Pretty simple, but I’ve obviously left out a large chunk of methods with default implementations, like for_each, map, or peekable. I’ve left them out for simplicity, but they are important and I’ll talk about that in a bit.

To introduce the pattern that requires GATs, I’ll use the std::io::BufRead trait. This is implemented most clearly by the std::io::BufReader struct. In short, this trait represents a type that implements std::io::Read but also keeps an internal buffer, allowing it to be able to do extra things, like returning line by line.

I want to focus on a single method on BufRead:

pub trait BufRead: Read {
    fn lines(self) -> Lines<Self>;
}

This function returns a struct Lines which implements Iterator with an Item of Result<String>. Let’s imagine it gets used like:

fn main() {
    let r: BufReader<_> = ...;
    let mut lines = r.lines();
    while let Some(line) = lines.next() {
        println!("{line}");
    }
}

Now what’s wrong with this (aside from me being able to use a for loop - I’ll get there). It might seem like a philosophical question, but there really is something suboptimal: even though we only look at one line at a time, we allocate a new String for each one. Of course, this is the exact reason we need GATs. If we wanted to be able to reuse the same memory between calls to next, then we would have to ensure that nobody else hold a reference to that memory. But with the current definition of Iterator::next, the return time can outlive the call.

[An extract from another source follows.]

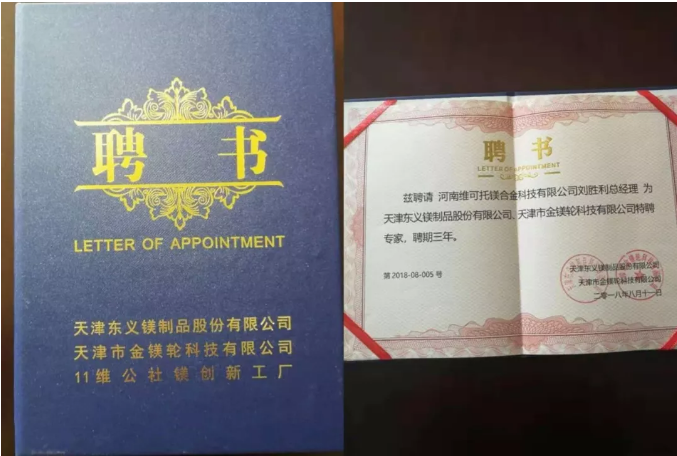 河南鎂合金科技公司劉勝利劉總聘請天津東義鎂制品股份有限公司,天津金鎂輪科技有限公司專家

Introducing `LendingIterator`

Let’s introduce a Iterator-like trait that could handle this correctly:

trait LendingIterator {
    type Item<'a> where Self: 'a;
    fn next(&mut self) -> Self::Item<'_>; 
}

Here, I’ve defined a new trait, LendingIterator, that mirrors Iterator, except for a new lifetime 'a on Item. It does exactly what we want:

struct Lines<B: BufRead> { ... } // Stores the state needed to read lines

impl<B: BufRead> LendingIterator for Lines<B> {
    type Item<'a> = &'a str;

    // The lifetime of the return type is tied to the lifetime of the call
    fn next(&mut self) -> Self::Item<'_> { ... }
}

fn read_two_lines<B: BufRead>(mut lines: Lines<B>) {
    while let Some(line) = lines.next() {
        // `line` is only a `&str`
        // The reference is dropped before the next call
        println!("{line}");
    }
    // We also store two lines at a time:
    let line1 = lines.next();
    let line2 = lines.next(); // <- Error: the lifetime from `line1` is still active
    println!("{line1} {line2}");
}

So, this looks great. Why is this imperfect? Well, remember all those methods on iterator with default implementations? We now need to rewrite those. Also, any APIs that take Iterator but don’t read more than one Item at a time would need to be to changed or duplicated to take LendingIterator.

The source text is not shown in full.